The pact was ratified by the National Assembly and came into force on June 20, 1936. That same summer, tens of thousands of French workers enjoyed the first paid holidays of their lives, with an enthusiasm which was undoubtedly enhanced by an average salary rise of 15 per cent, which appears in the small print of the text. Leon Blum’s government made train tickets available at special prices (with a 40 per cent discount) and set up a network of hostels in beach and mountain areas.
That first summer, about 500,000 trips were paid for, and the following year, in August 1937, the figure doubled. This was the start of a new phenomenon, mass tourism: it became extraordinarily important for economic growth, but also as a form of cultural exchange.
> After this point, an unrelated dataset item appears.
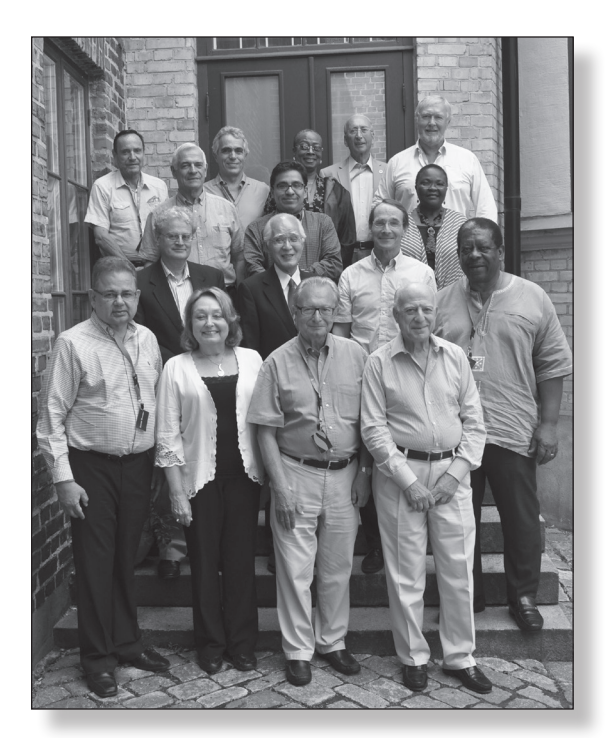
International judges at BIIJ 2013.

he principal goal of BIIJ 2013 was to examine the growing influence of human rights on legal thinking and practice, as well as on the work of international judges and their institutions. This was the third session of the BIIJ to explore the notion of an international rule of law. Previous institutes had focused on the development of such a global legal framework (2010) and the role of coordination and collaboration in realizing it (2012). Plenary sessions in 2013 sought to advance earlier discussions by identifying the ways in which contemporary international justice is influenced by the "human rights era" in which we live, and by sharing thoughts about how best to ensure that populations across the globe benefit from this heightened awareness of human rights issues.

The Matignon pact ended up being known as the law of paid holidays. Initially, these were two weeks, which were extended to three in 1956 and to four weeks in 1968. A fifth week was an electoral promise by socialist François Mitterrand, and it became reality in 1982, a year after he was elected president. When WW2 was over, the Matignon agreement became a benchmark when regulating rights for workers. Social democracy, which inspired labour relations in a good many European countries when economies took off again in the post-war period, had its foundations in that same pact.
The slavery of the countryside
Spain recognised the right to paid holidays in the ‘Fuero del Trabajo’ (1938) issued by Franco’s government before the end of the Civil War. It did not stipulate the length of time for holidays and the country, fractured and impoverished, was in no condition to start a debate about days of rest. Later legislative developments gradually marked the limits of holiday periods until the present Workers’ Statute came into force, establishing a minimum of 30 calendar days.
Summer holidays, as we know them today, are a result of the development of tourism in the 1960s, a time when industry and the services sector employed tens of thousands of Spanish workers who until then had only known the slavery of working in the countryside. Economic growth and the arrival of tourism in places such as Torremolinos and Benidorm –which injected vast sums of foreign currency into the public coffers - led Franco to emulate neighbouring countries and introduce paid holidays for Spanish workers.
Days of leisure which are recognised by law are one of the pillars of the framework of the welfare state which began in Europe in the last century, and is now under threat from neoliberal cutbacks. The legislation of countries such as the US, for example, does not include paid holidays. On the other side of the Atlantic these are seen as something to be negotiated between the company and the employee. This dynamic often results in new employees ending up with no time off: they are told that this will be discussed when they are consolidated within the company, in a few years’ time. Statistics show that four out of every ten American workers do not have paid holidays and those who do only have, on average, ten days a year. It also seems that nobody has much interest in improving things.